The process of creating an artificial limb for a patient takes about four weeks, though Jim and Shayne say that many first-time patients walk through their doors without a firm idea of what they’re getting into. “The misconception is that we just go and pull a left large leg off of the wall like it’s Walmart,” Shayne says. “People even come in and say ‘I guess I’m here to get my leg.’ There’s in fact an evaluation and everything that we make is a combination of 15 or 20 major decisions – muscle strength, limb length, age, there are so many things to consider.” Jim adds, “People are emotionally confused when they come in the first time.”
Molding the residual limb and testing prototypes are integral parts of the process. “You’re marrying something manmade to someone’s body,” Shayne says. “And just like in real life, if that marriage isn’t good then it’s not going to last long.” Creating a prosthesis requires knowledge beyond just anatomy, but also understandings of kinetics, biomechanics, and physiology. One must be able to match a person’s movements, the gait of their walk, and the alignment of their limbs in order to make a successful prosthesis.
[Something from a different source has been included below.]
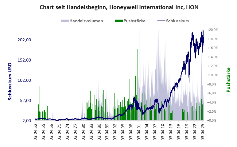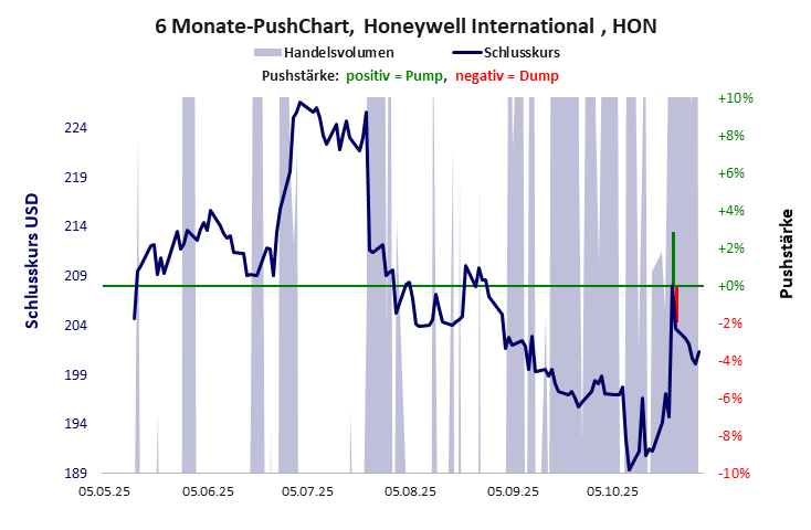 Die Pushstärke ist ein Maß, wie stark der Handelskurs der jüngsten Zeit vom Durchschnitt der Vergangenheit abweicht, und belegt somit Pushaktivitäten

Still, beyond all of the technical prowess, what stands out at the center of Hi-Tech Artificial Limbs is empathy. Jim and Shayne feel they aren’t just providing products for their patients, they’re enabling them to live their lives to the fullest. When Jim and Maurice started the business, they made a deal that they’d never turn a patient down, no matter that person’s financial situation. The process of helping people become whole again is what drives the business and the people in it. Shayne describes the experience of seeing a person walking on a new limb for the first time as being so rewarding, “You could pay me in sand and I’d be happy.”
As for the future, Jim would like to see the next generations of their families move forward with the company. He believes the passion with which everyone in the company does their jobs is what makes the business special. “We have seven to eight really great people that come in here every morning and provide quality care to patience that they truly care about,” he says.
In addition to being able to reengage with everyday activities like running and cycling, they’ve had patients go on to compete in the Paralympics, Special Olympics, and even had one patient win a gold medal as part of the Wounded Warrior softball team. Having crafted close to 4000 unique prostheses to date, the folks at Hi-Tech Artificial Limbs are excited to bring the next 4000 to those in need.